> **Data extracts**:

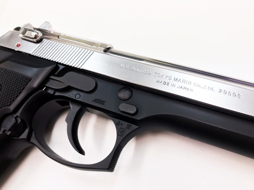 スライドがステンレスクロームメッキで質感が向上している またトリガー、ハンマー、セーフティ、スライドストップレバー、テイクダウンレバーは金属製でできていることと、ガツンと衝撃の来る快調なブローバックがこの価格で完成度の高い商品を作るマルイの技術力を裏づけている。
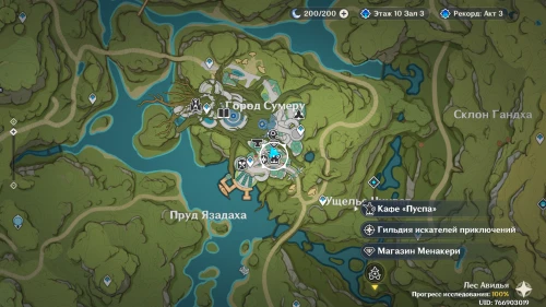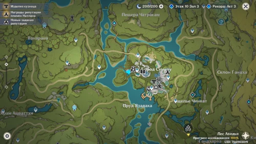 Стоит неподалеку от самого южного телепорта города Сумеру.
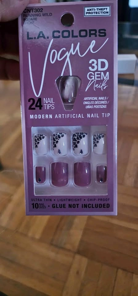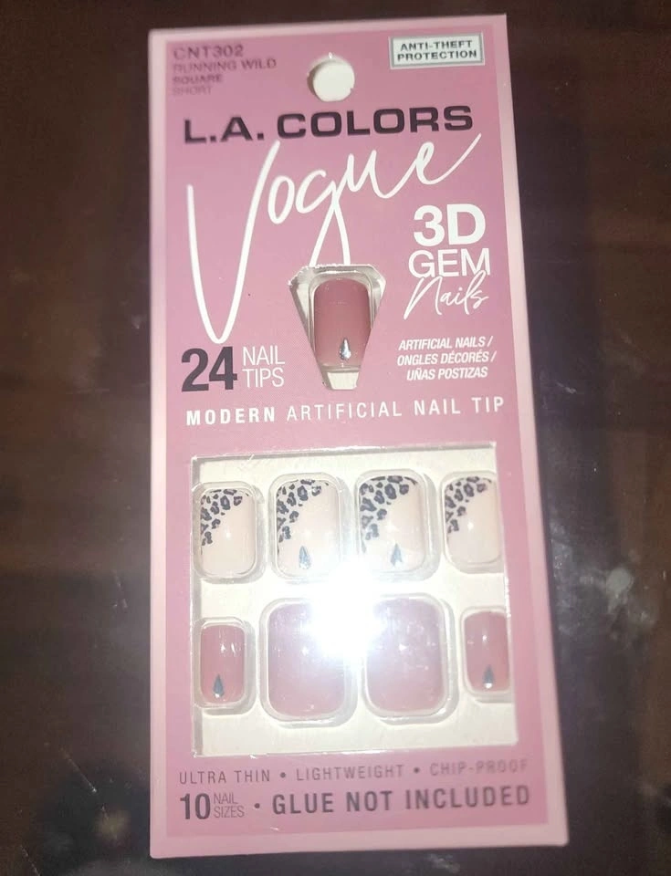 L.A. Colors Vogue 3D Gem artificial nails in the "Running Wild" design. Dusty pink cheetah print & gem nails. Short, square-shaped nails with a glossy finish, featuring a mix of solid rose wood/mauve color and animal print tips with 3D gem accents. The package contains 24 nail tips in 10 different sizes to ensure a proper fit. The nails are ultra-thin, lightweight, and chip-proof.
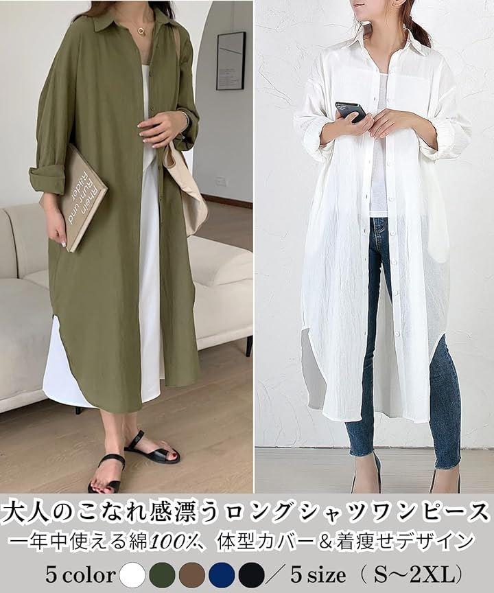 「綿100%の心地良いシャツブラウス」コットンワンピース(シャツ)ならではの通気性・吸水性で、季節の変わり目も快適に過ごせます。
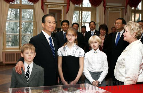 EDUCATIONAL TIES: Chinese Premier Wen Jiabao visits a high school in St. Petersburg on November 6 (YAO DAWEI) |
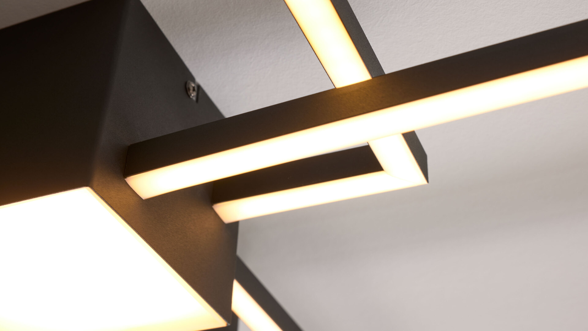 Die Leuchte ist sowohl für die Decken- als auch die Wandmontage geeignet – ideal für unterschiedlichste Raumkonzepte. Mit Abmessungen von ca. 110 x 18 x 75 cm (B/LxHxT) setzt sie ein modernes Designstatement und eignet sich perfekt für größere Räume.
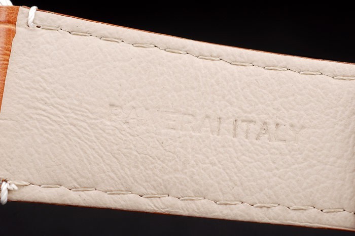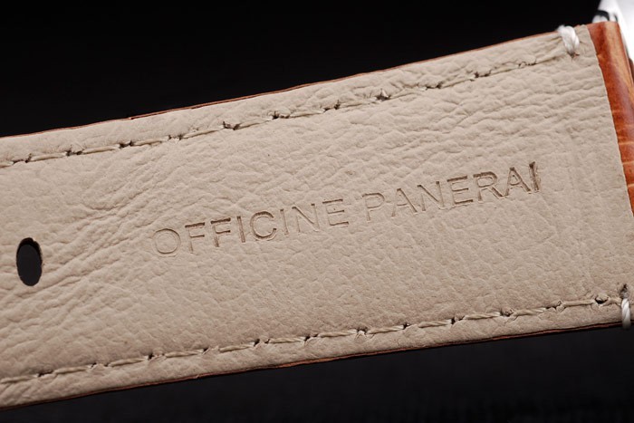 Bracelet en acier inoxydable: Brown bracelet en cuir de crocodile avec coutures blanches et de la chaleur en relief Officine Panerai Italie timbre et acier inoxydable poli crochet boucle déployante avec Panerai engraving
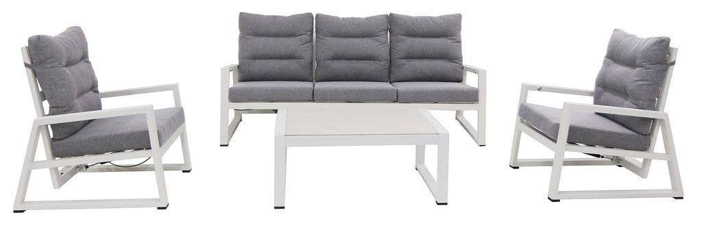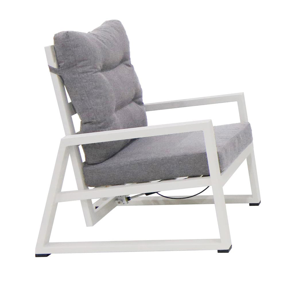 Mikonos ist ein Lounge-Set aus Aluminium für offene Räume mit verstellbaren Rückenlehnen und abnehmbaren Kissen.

==

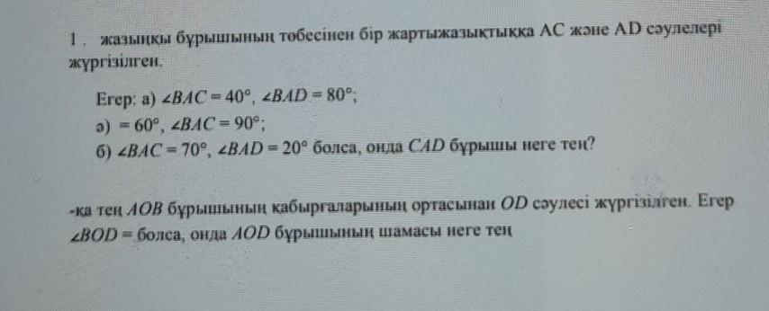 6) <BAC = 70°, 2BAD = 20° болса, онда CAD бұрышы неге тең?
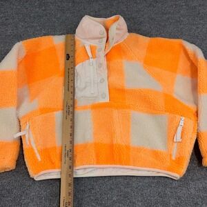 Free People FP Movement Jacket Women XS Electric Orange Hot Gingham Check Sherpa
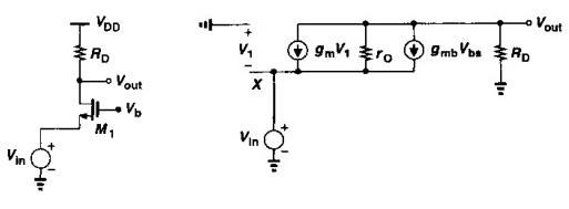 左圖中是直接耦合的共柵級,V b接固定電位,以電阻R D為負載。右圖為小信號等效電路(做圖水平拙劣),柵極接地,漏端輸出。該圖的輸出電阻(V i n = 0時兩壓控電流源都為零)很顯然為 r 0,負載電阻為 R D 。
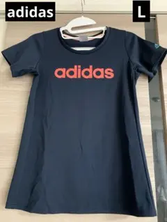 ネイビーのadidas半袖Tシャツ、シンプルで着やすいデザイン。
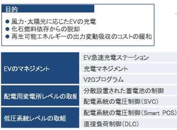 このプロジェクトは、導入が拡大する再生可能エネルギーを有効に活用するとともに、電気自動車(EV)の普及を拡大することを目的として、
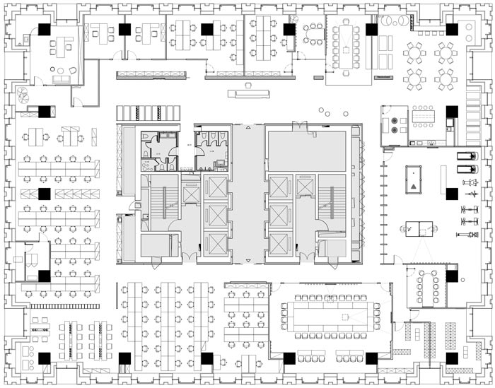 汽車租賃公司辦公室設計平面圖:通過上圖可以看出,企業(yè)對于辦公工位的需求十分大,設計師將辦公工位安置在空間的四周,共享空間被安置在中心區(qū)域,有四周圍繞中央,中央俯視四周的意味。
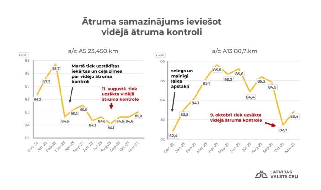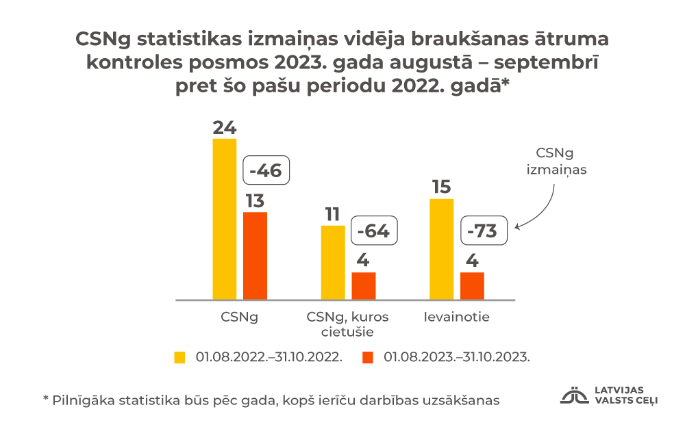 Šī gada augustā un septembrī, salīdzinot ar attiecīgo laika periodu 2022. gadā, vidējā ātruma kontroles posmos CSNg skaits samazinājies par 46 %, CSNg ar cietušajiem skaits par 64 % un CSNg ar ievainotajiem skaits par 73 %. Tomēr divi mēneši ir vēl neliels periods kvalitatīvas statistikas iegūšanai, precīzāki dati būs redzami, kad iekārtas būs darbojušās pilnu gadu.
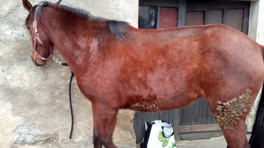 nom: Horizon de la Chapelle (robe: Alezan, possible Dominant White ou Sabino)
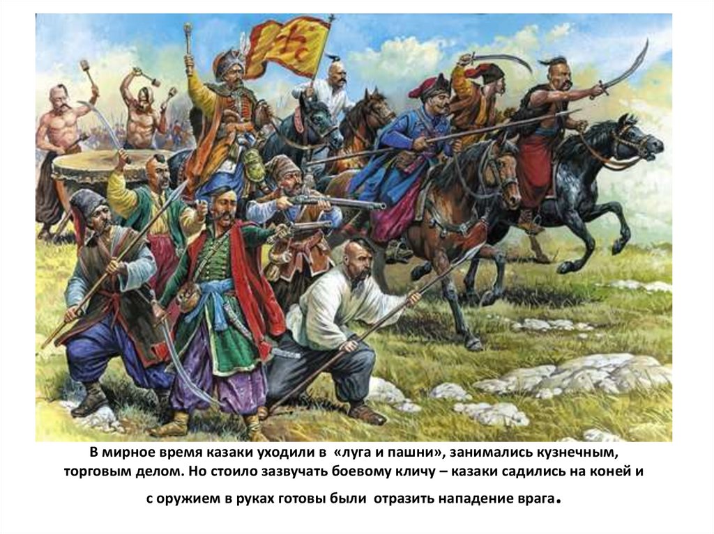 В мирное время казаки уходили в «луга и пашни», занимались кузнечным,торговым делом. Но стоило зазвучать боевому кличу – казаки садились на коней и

> **What is required**:
The answer is those lines of the material above that run from the one containing "ネイビーのadidas半袖Tシャツ、シンプルで着やすいデザイン。" up to and including the one containing "В мирное время", restated exactly and without images.

> **Exercise result**:
 ネイビーのadidas半袖Tシャツ、シンプルで着やすいデザイン。
 このプロジェクトは、導入が拡大する再生可能エネルギーを有効に活用するとともに、電気自動車(EV)の普及を拡大することを目的として、
 汽車租賃公司辦公室設計平面圖:通過上圖可以看出,企業(yè)對于辦公工位的需求十分大,設計師將辦公工位安置在空間的四周,共享空間被安置在中心區(qū)域,有四周圍繞中央,中央俯視四周的意味。
 Šī gada augustā un septembrī, salīdzinot ar attiecīgo laika periodu 2022. gadā, vidējā ātruma kontroles posmos CSNg skaits samazinājies par 46 %, CSNg ar cietušajiem skaits par 64 % un CSNg ar ievainotajiem skaits par 73 %. Tomēr divi mēneši ir vēl neliels periods kvalitatīvas statistikas iegūšanai, precīzāki dati būs redzami, kad iekārtas būs darbojušās pilnu gadu.
 nom: Horizon de la Chapelle (robe: Alezan, possible Dominant White ou Sabino)
 В мирное время казаки уходили в «луга и пашни», занимались кузнечным,торговым делом. Но стоило зазвучать боевому кличу – казаки садились на коней и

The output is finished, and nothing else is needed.